Take a typical web application for example. We are probably going to use the Spring Core, Spring MVC for UI and REST, Spring Security for authentication and authorization and Spring Data JPA with Hibernate for accessing a SQL DB. In the old days, you had to:
Many of these steps are just gluing Spring Components together so they provide the services you need. This flexibility is one of the biggest advantages of Spring, just put your Legos together like you want. But at the same time, it is one of it’s biggest disadvantages when you start new projects.
If you have done this a couple of times, you’ll notice that many steps are the same as you will always use the same DB, same security setup, etc. And damn you or the guy who messed up. It’s a tedious and error proven task. Often leading to copy and paste setups from previous projects. And this is where Spring Boot actually steps in.
Spring Boot replaces this tedious setup and uses defaults which reflect common usage patterns.
But besides that, you still have the full flexibility as with the classic set up. It is still Spring after all. Need form based login instead of basic auth, just configure it.
Setting up a new project is now a task of a few minutes and not hours gluing stuff together.
That’s a huge timesaver.
Essentially everything you can use Spring for. But that answer, even correct, would make it too easy. One reason why developers are confused about the relation of Spring Boot with microservices is due to the fact, that the regular deployment of a Spring Boot application is NOT done with a war file or similar anymore but you rather deploy a single standalone application. Like you do in many programming languages.

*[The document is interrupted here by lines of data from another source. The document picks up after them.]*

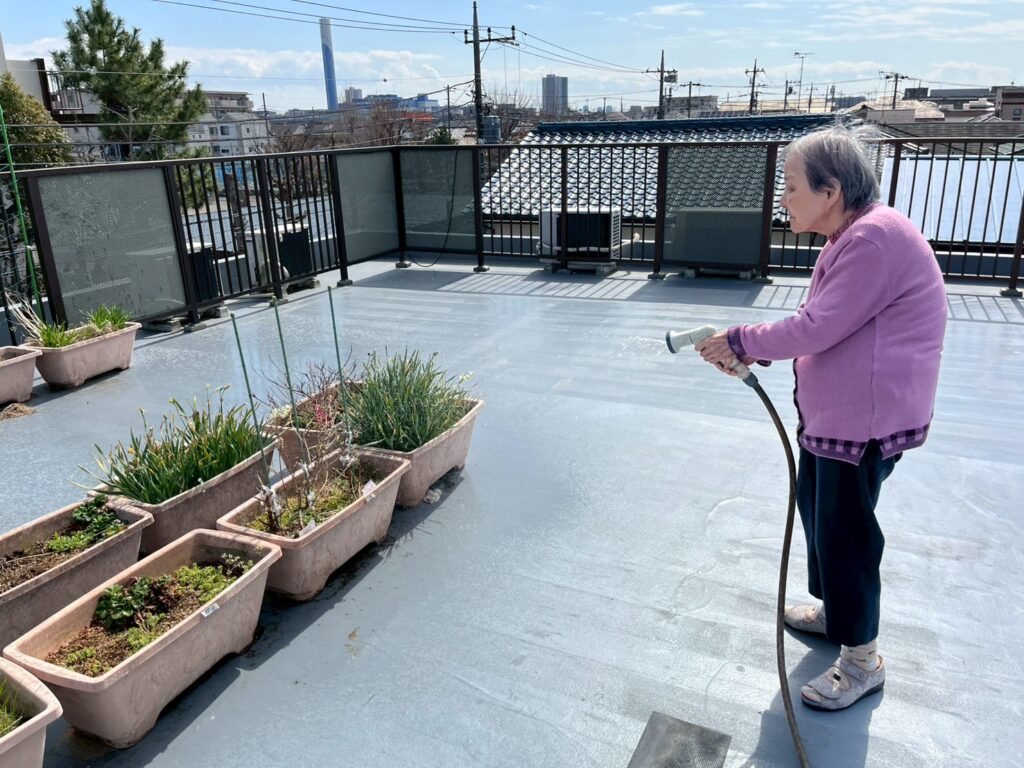おふたりで屋上へ、植物に水やりをされるKさん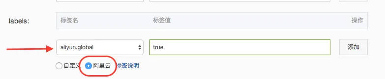 点开更多设置,配置aliyun.global标签,值为true。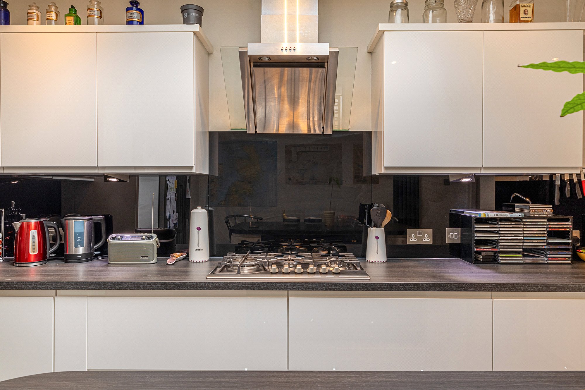Reception hallway, box room, lounge highlighted by skylights with feature living flame gas fireplace and step up to a dining area. There is a contemporary integrated kitchen finished with attractive white cabinetry, black worktops, black floor tiles with a central island/breakfast bar hosting a double grill/oven. In terms of further appliances there is a wine fridge, dishwasher, six burner gas hob, with a cavity provided for an American style fridge freezer.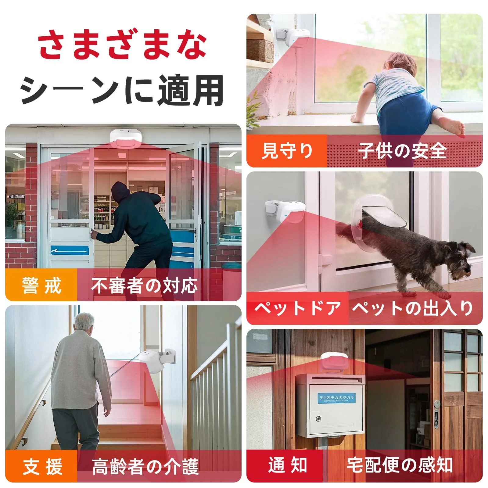 飲食店の入店チャイムとして、会社の来客通知として、介護施設の見守りツールとして、幅広いシーンで活躍します。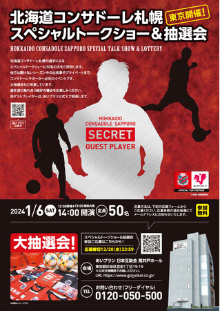 北海道コンサドーレ札幌のあの選手が来る!スペシャルトークショー&抽選会を東京都杉並区に2023年にオープンした「あいプラン 日本互助会 高井戸ホール」で開催。参加無料

When you build web applications in Java you have to work with either a servlet container like Tomcat or even worse with one of the enterprise application servers. The whole concept in Java for web is about these managing containers. Those containers are standalone applications, maintained separately and you can deploy multiple applications to them. That led to more and more complex specifications and bloated software. Almost everything in Java is standardized.
You need different skills to maintain them then you need for developing applications which run in them. Java developers are used to that and some are confused that you can deviate from this.
When we deploy a web application with Spring Boot, we do still have a servlet container but this one is embedded in the application so we can deploy a single executable. However, you usually do not notice it as a developer because you stop interacting directly with it; missing the deploy to Tomcat step.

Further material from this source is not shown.